Task statement - Each line from the one containing "2008 롯데 2차 1R |" through the last line of the data below should be printed exactly, please, with any pictures omitted.

[Dataset items]

####

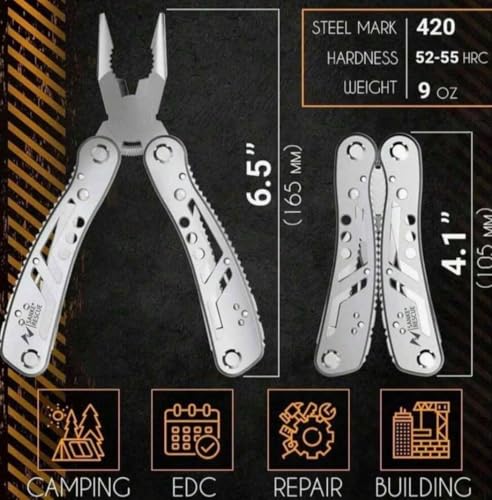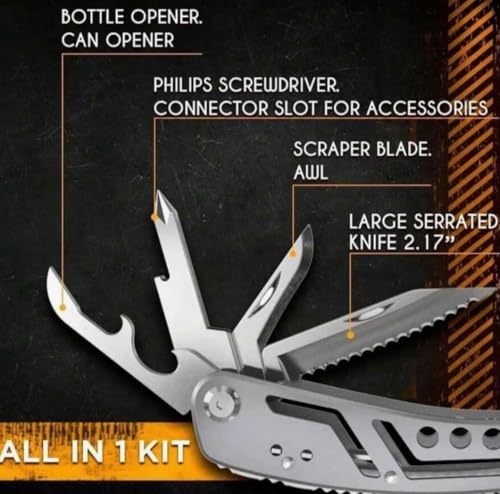 - أدوات متعددة شاملة: كماشة قابلة للطي من الستانلس ستيل 24 في 1 تجمع بين الأدوات الأساسية بما في ذلك الكماشة العادية وقواطع الأسلاك وشفرات السكاكين والمنشار والمبرد ومفك البراغي وفتاحة الزجاجات وفتاحة العلب للاستخدام الخارجي متعدد الاستخدامات
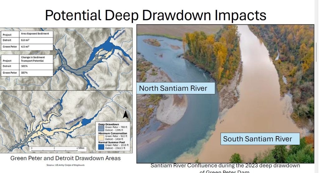 The Federal Judge’s ruling in 18-cv-00437-HZ on the Green Peter Dam and other dams is based on incomplete or misleading science. The published manuscript the judge relied on correctly identified the issue, but the proposed solution was faulty and is making the issue much worse. The South Santiam river after the first illegal drawdown. The Willamette River ran chocolate brown for one month at this time. This is illegal by Federal Water Pollution Control Act, specifically 33
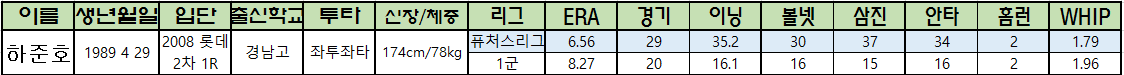 | 하준호 | 1989 4 29 | 2008 롯데 2차 1R |
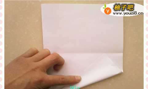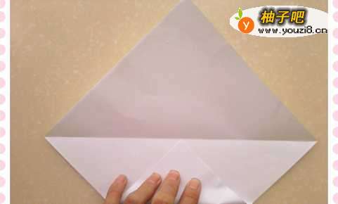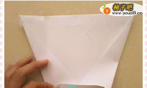 10再取一张正方形纸,沿着一角向对角对折,然后耻何展开在从该角向上折到对折线处(如图10)。
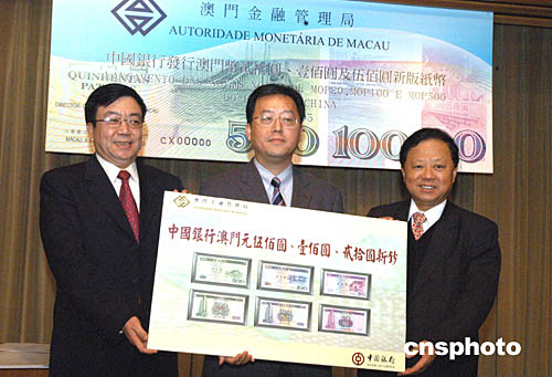 澳門金融管理局行政委員會(huì)主席丁連星、 中國(guó)銀行澳門分行總經(jīng)理張鴻義、中國(guó)印鈔造幣總公司總經(jīng)理賀林向人們展示三款澳門新版鈔票。

####

Expected answer -
 | 하준호 | 1989 4 29 | 2008 롯데 2차 1R |
 10再取一张正方形纸,沿着一角向对角对折,然后耻何展开在从该角向上折到对折线处(如图10)。
 澳門金融管理局行政委員會(huì)主席丁連星、 中國(guó)銀行澳門分行總經(jīng)理張鴻義、中國(guó)印鈔造幣總公司總經(jīng)理賀林向人們展示三款澳門新版鈔票。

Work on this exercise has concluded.